[Stored records]
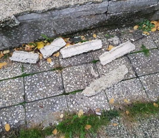 Bucăți mari din tencuiala unui bloc din Ploiești au căzut pe trotuar. Trecătorii sunt îngroziți că părțile desprinse din perete ar putea răni grav sau chiar omorî pe cineva!
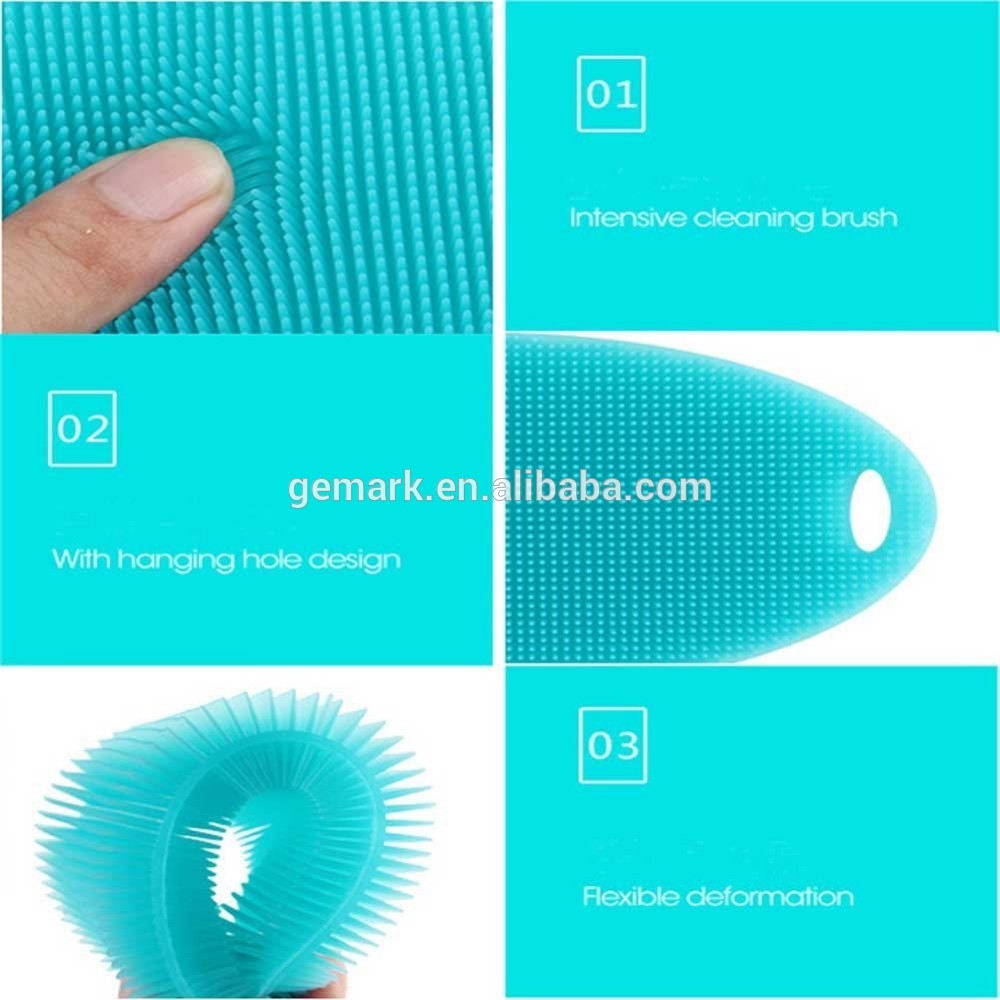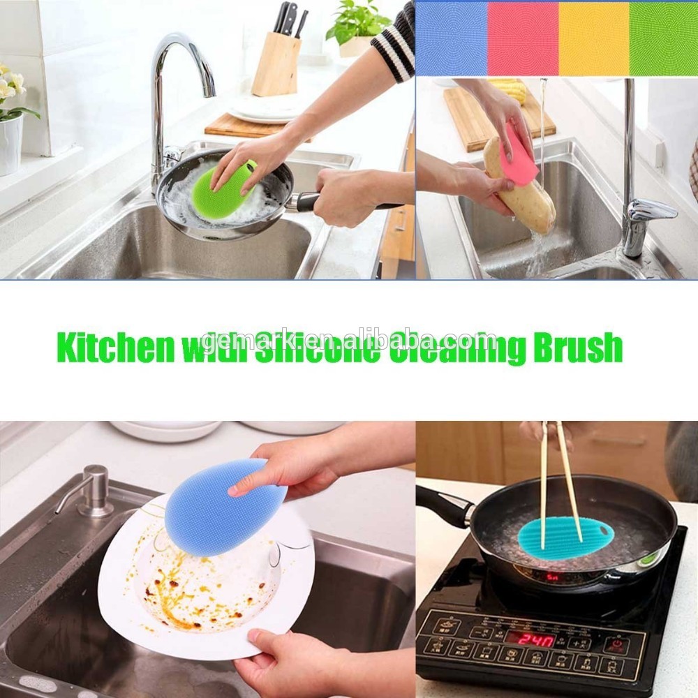 Quality assurance, tensile deformation without fracture;You can use this silicone brush for dishwashing, scrubbing pot or pan, washing fruits and vegetables. and even you can be used to take a shower and shampoo , it will be a perfect heat kitchen mat or glove when in need
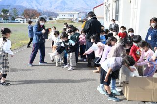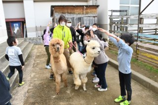 手でアーチをつくって2頭のアルパカを見送る1年生
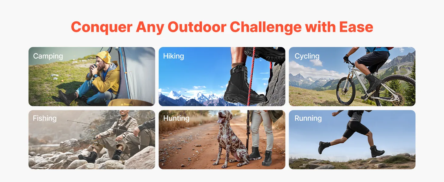Suitable for camping, hiking, cycling, or hunting, these boots can handle a wide range of outdoor needs, providing solid support and protection for every outdoor exploration and challenge.
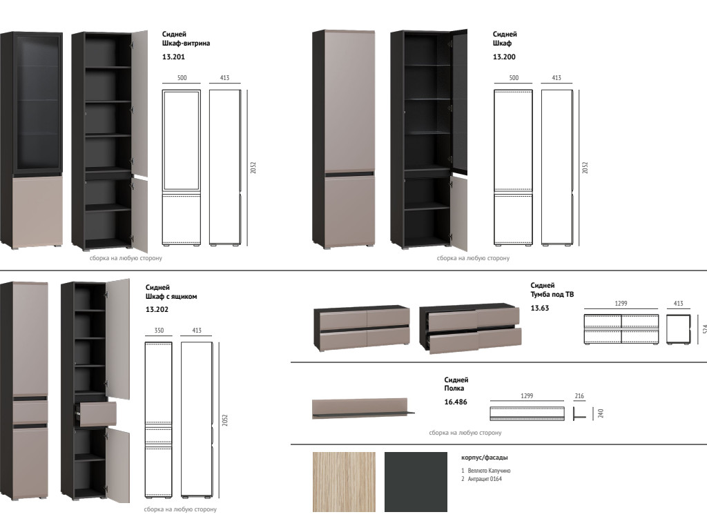 - Шкаф 13.200 (46,7 кг; 0,096 м3) 500 x 413, В 2052 мм сборка на любую сторону
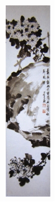 圖6-4,巖菊屏,中部突兀的大山巖占了大半畫面,其上一欄盛開的菊花,山巖下從右伸出一枝盛開的菊花,上下呼應(yīng),很有神氣。右側(cè)中部巖石上落款:“蕭條報(bào)雨過重陽,石角懷秋臥晚涼。星五畫。”下鈐紅文印“星五”、白文印“崔氏”。
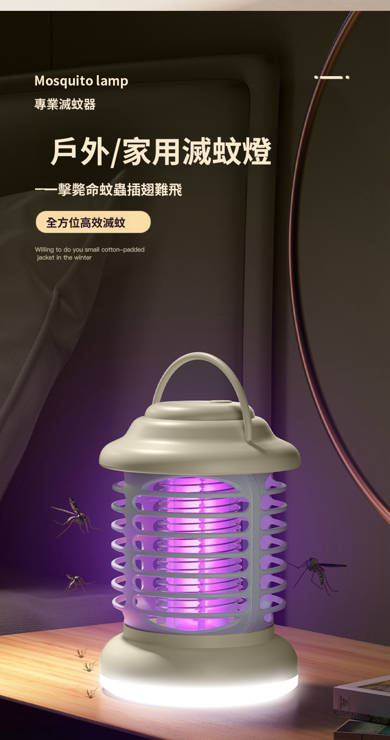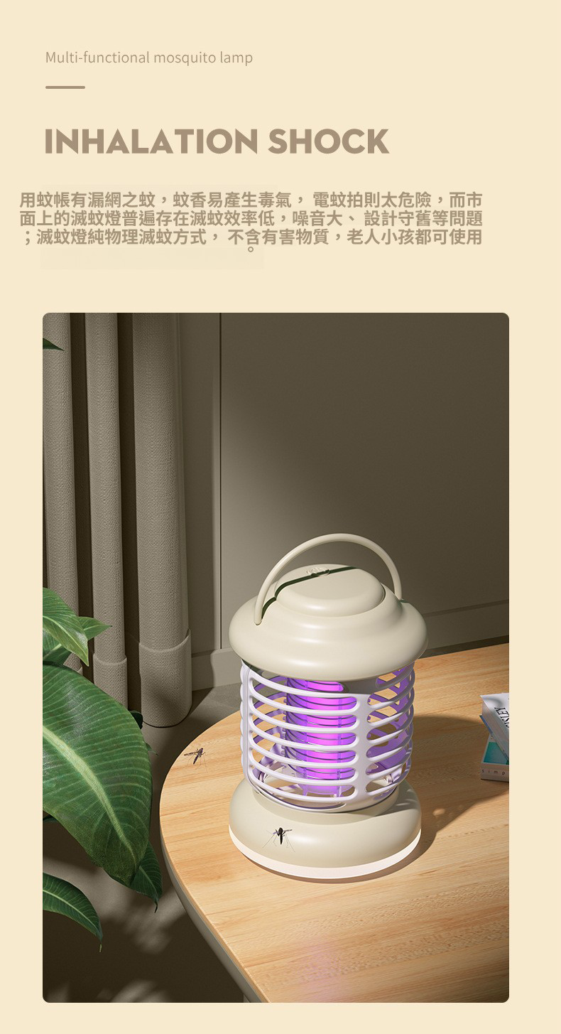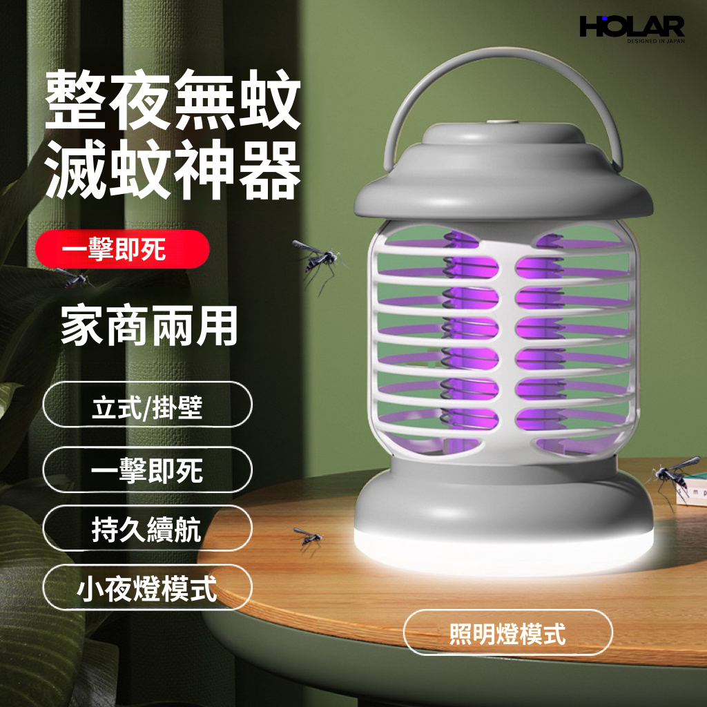 HOLAR JAPAN 充電款電擊滅蚊燈帶照明家用|光觸媒驅蚊器誘蚊燈捕蚊器|室內戶外兩用滅蚊器 HS0146
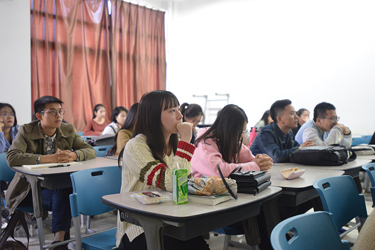 共有11名研究生带来了自己的论文。首先,由每位同学从作品或论文选题、结构、创新点等方面进行了PPT陈述,随后,点评嘉宾对同学们的论文进行了点评。四位点评嘉宾都是在学术研究和教学领域有很高的造诣的教授、博士,他们认真了解每位同学的作品和论文,针对具体的问题,提出了很多有见地的看法和中肯的修改意见。讲台上的研究生讲得绘声绘色,台下的老师和同学听得认真仔细,老师的点评让同学们眼界大开,师生还围绕选题进行了深入的交流,会场氛围热烈而融洽。
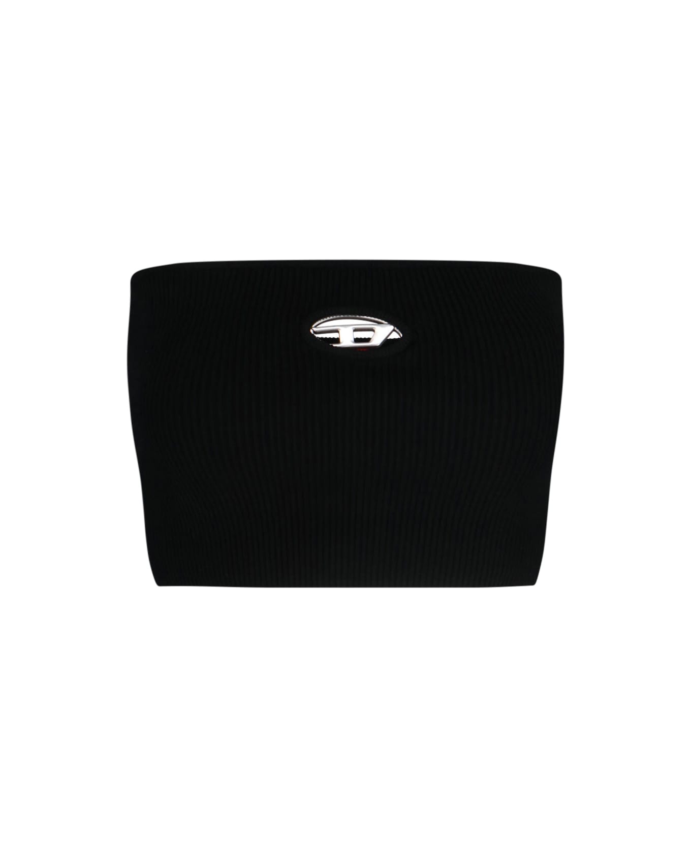 Diesel 'M-Clarksvillex' crop top in black fabric with ribbed pattern, front cut-out detail, silver metal 'Oval D' logo detail, straight hem. Composition: 83% Viscose, 17% Polyester
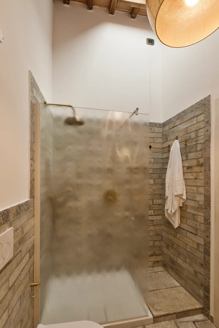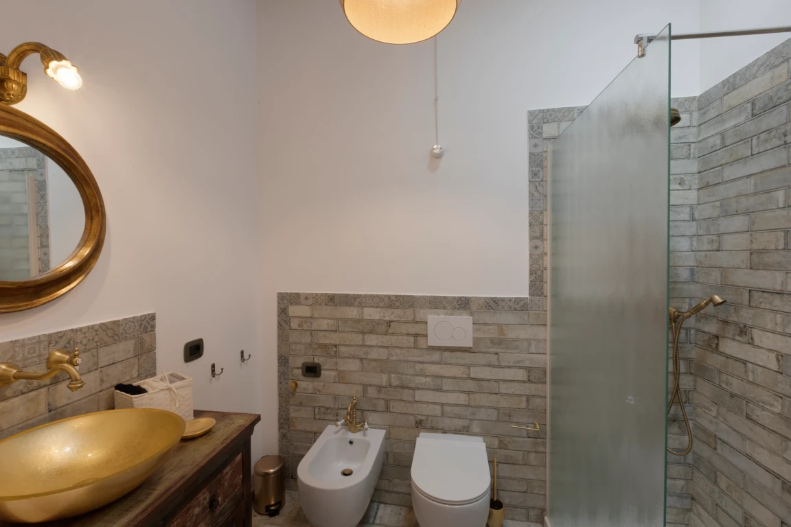 L’appartamento ha 1 bagno con doccia, lavandino e bidet, con finestra a tetto ad apertura telecomandata.
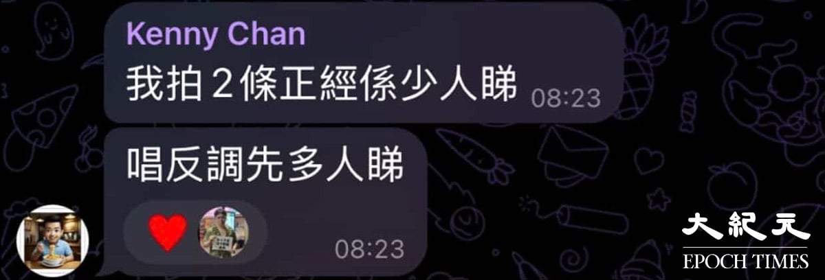 Kenny上周六(27日)在社交平台發表影片,神情嚴肅地稱大火死傷者是「罪孽深厚」、「罪有應得」,更稱不需要同情死傷者,言語間露出笑容。陳日前還在火災現場自拍,面帶笑容兼舉起勝利手勢。有讀者提供的截圖顯示,一名自稱Kenny的網民,曾在一個Telegram群組中稱「我拍兩條正經(片段)係少人睇,唱反調先多人睇」,並獲一名網民讚好言論。

THE TASK
Except for the pictures, set down each line of the records exactly as it appears.

EXERCISE RESULT
 Bucăți mari din tencuiala unui bloc din Ploiești au căzut pe trotuar. Trecătorii sunt îngroziți că părțile desprinse din perete ar putea răni grav sau chiar omorî pe cineva!
 Quality assurance, tensile deformation without fracture;You can use this silicone brush for dishwashing, scrubbing pot or pan, washing fruits and vegetables. and even you can be used to take a shower and shampoo , it will be a perfect heat kitchen mat or glove when in need
 手でアーチをつくって2頭のアルパカを見送る1年生
Suitable for camping, hiking, cycling, or hunting, these boots can handle a wide range of outdoor needs, providing solid support and protection for every outdoor exploration and challenge.
 - Шкаф 13.200 (46,7 кг; 0,096 м3) 500 x 413, В 2052 мм сборка на любую сторону
 圖6-4,巖菊屏,中部突兀的大山巖占了大半畫面,其上一欄盛開的菊花,山巖下從右伸出一枝盛開的菊花,上下呼應(yīng),很有神氣。右側(cè)中部巖石上落款:“蕭條報(bào)雨過重陽,石角懷秋臥晚涼。星五畫。”下鈐紅文印“星五”、白文印“崔氏”。
 HOLAR JAPAN 充電款電擊滅蚊燈帶照明家用|光觸媒驅蚊器誘蚊燈捕蚊器|室內戶外兩用滅蚊器 HS0146
 共有11名研究生带来了自己的论文。首先,由每位同学从作品或论文选题、结构、创新点等方面进行了PPT陈述,随后,点评嘉宾对同学们的论文进行了点评。四位点评嘉宾都是在学术研究和教学领域有很高的造诣的教授、博士,他们认真了解每位同学的作品和论文,针对具体的问题,提出了很多有见地的看法和中肯的修改意见。讲台上的研究生讲得绘声绘色,台下的老师和同学听得认真仔细,老师的点评让同学们眼界大开,师生还围绕选题进行了深入的交流,会场氛围热烈而融洽。
 Diesel 'M-Clarksvillex' crop top in black fabric with ribbed pattern, front cut-out detail, silver metal 'Oval D' logo detail, straight hem. Composition: 83% Viscose, 17% Polyester
 L’appartamento ha 1 bagno con doccia, lavandino e bidet, con finestra a tetto ad apertura telecomandata.
 Kenny上周六(27日)在社交平台發表影片,神情嚴肅地稱大火死傷者是「罪孽深厚」、「罪有應得」,更稱不需要同情死傷者,言語間露出笑容。陳日前還在火災現場自拍,面帶笑容兼舉起勝利手勢。有讀者提供的截圖顯示,一名自稱Kenny的網民,曾在一個Telegram群組中稱「我拍兩條正經(片段)係少人睇,唱反調先多人睇」,並獲一名網民讚好言論。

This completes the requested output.